• Dataset content:
*-*-*

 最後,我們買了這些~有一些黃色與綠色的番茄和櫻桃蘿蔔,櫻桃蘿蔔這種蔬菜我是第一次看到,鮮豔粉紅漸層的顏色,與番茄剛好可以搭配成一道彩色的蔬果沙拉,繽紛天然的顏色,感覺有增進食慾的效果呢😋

*-*-*

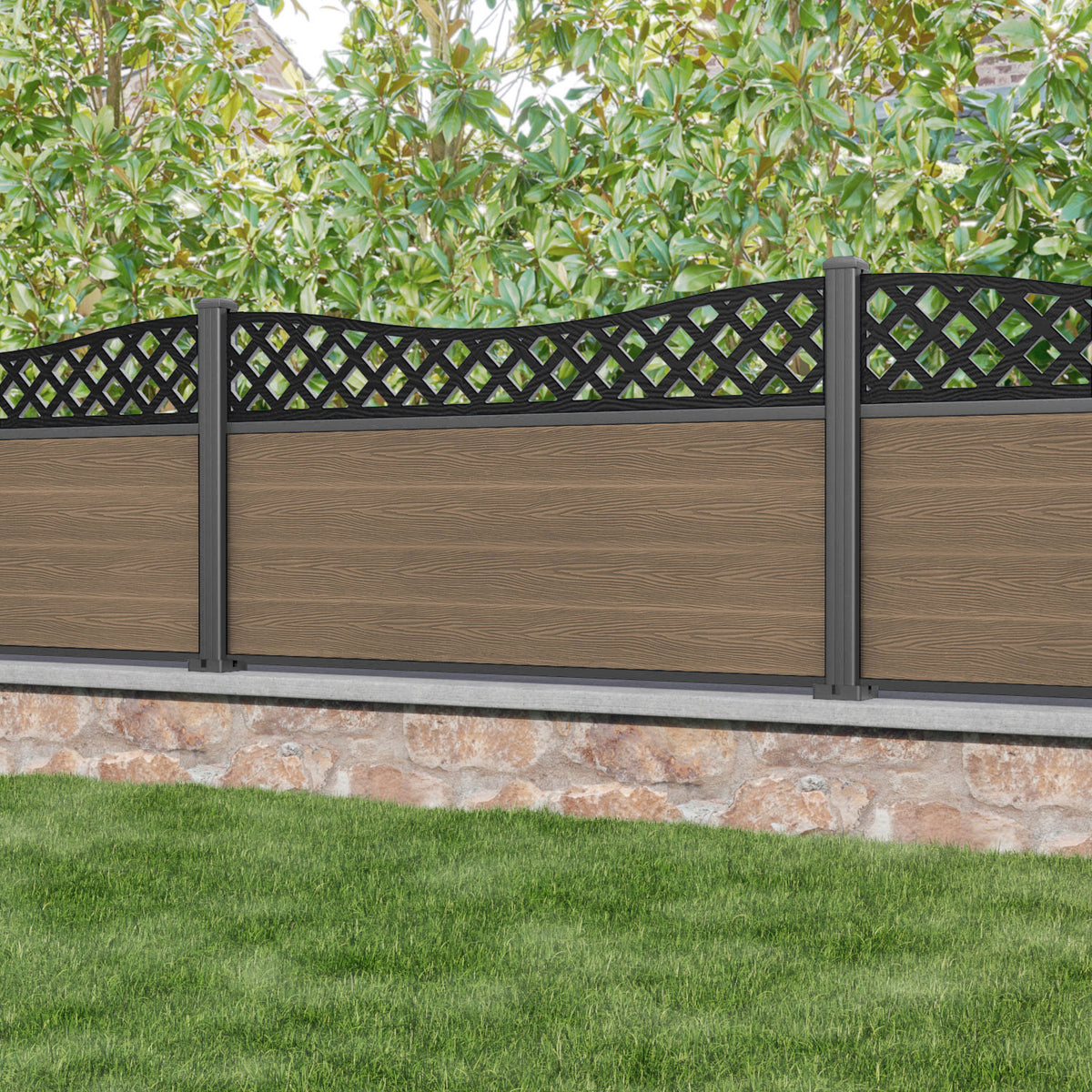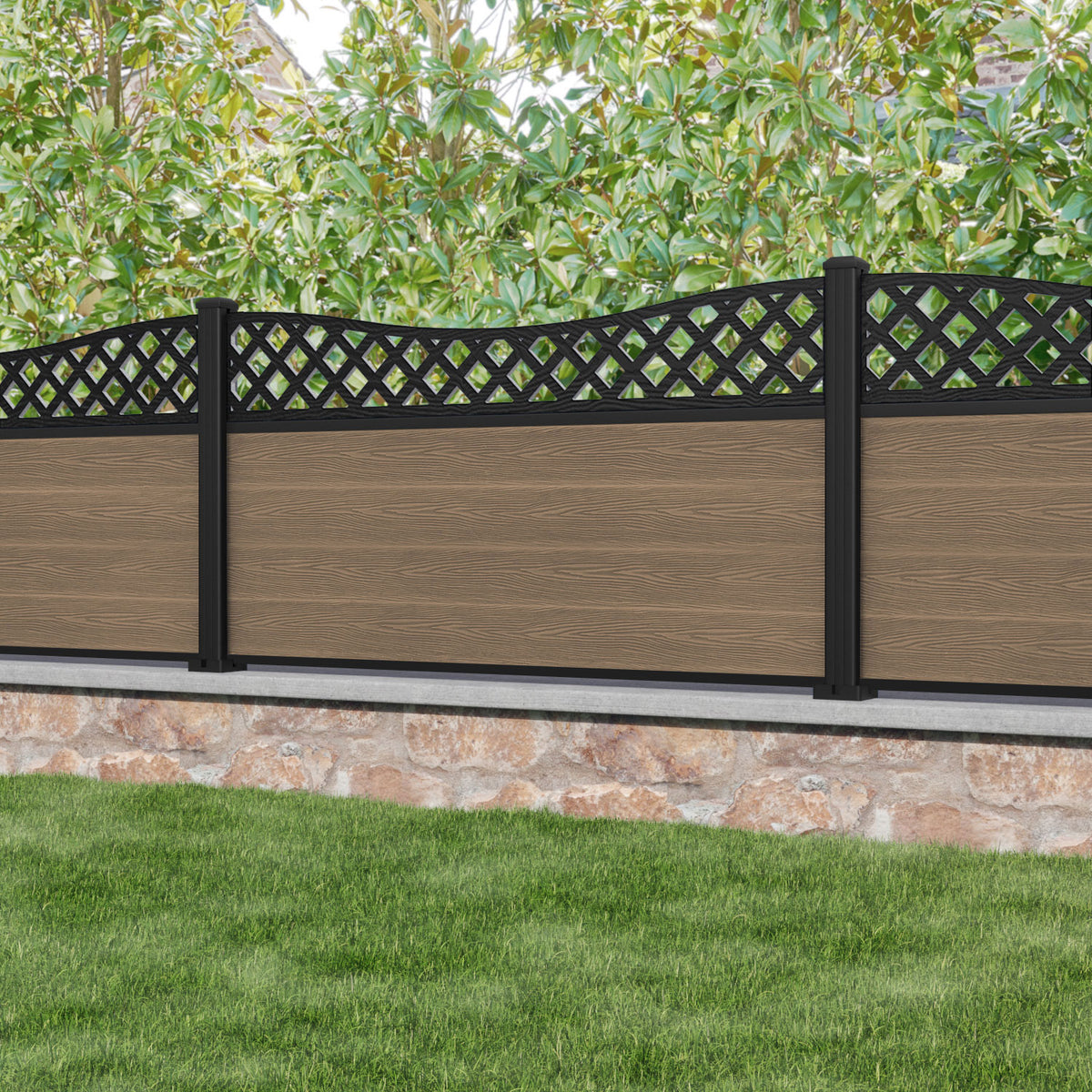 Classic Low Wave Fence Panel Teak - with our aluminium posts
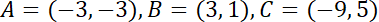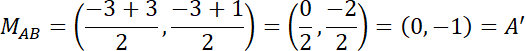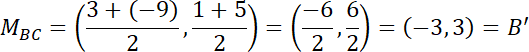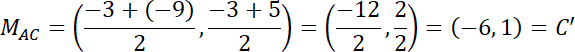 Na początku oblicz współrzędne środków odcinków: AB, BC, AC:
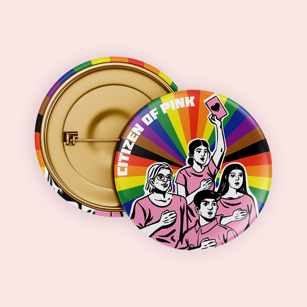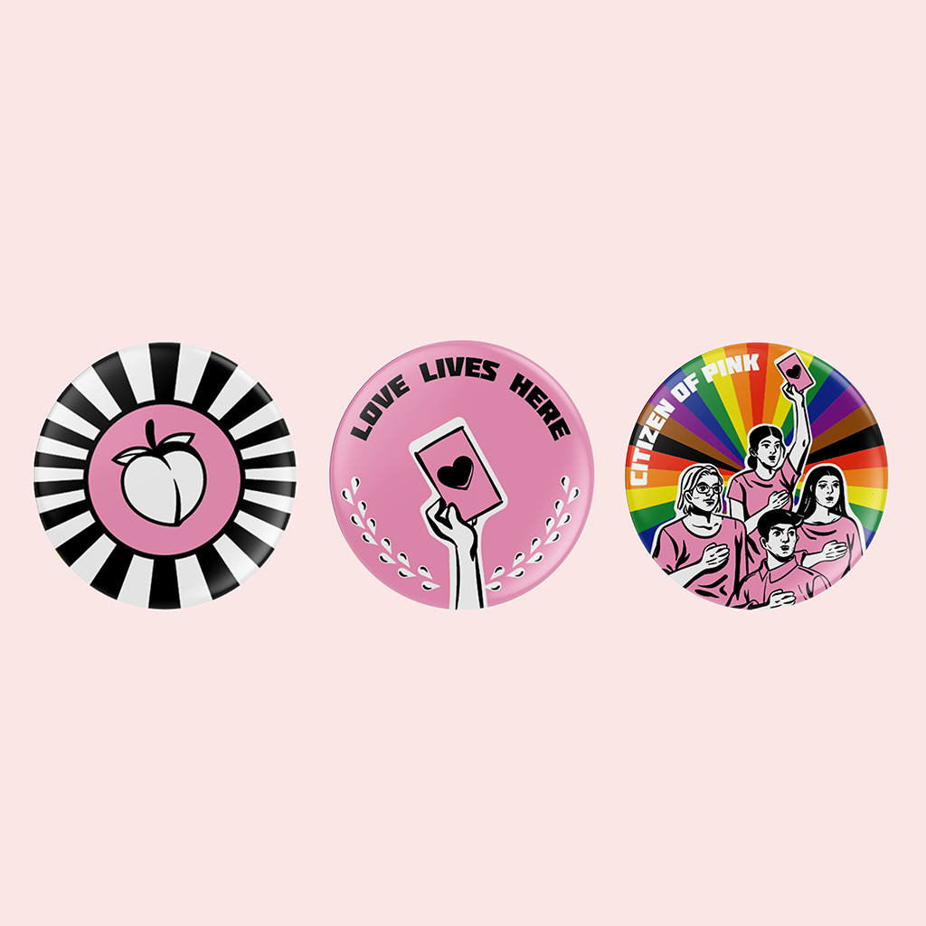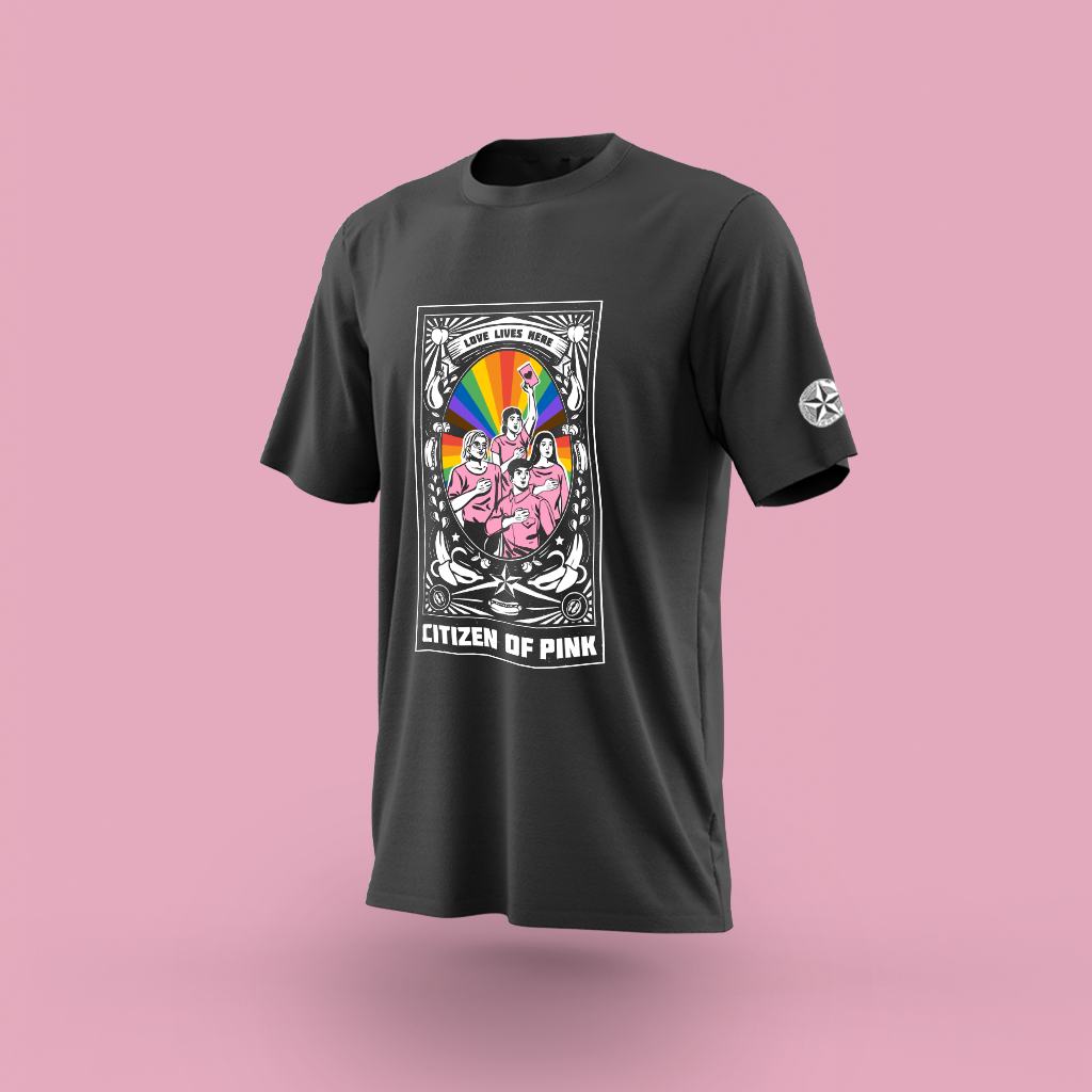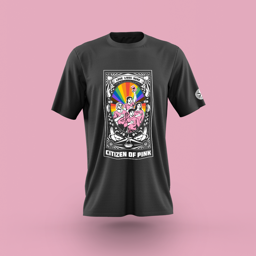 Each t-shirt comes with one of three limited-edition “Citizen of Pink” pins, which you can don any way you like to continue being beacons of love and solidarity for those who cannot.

*-*-*

• What you need to do: Go back to the listing above and write out the lines starting at the one with "Na początku oblicz" and ending at the one with "Each t-shirt comes", inclusive, exactly and without pictures.

• Result of the task:
 Na początku oblicz współrzędne środków odcinków: AB, BC, AC:
 Each t-shirt comes with one of three limited-edition “Citizen of Pink” pins, which you can don any way you like to continue being beacons of love and solidarity for those who cannot.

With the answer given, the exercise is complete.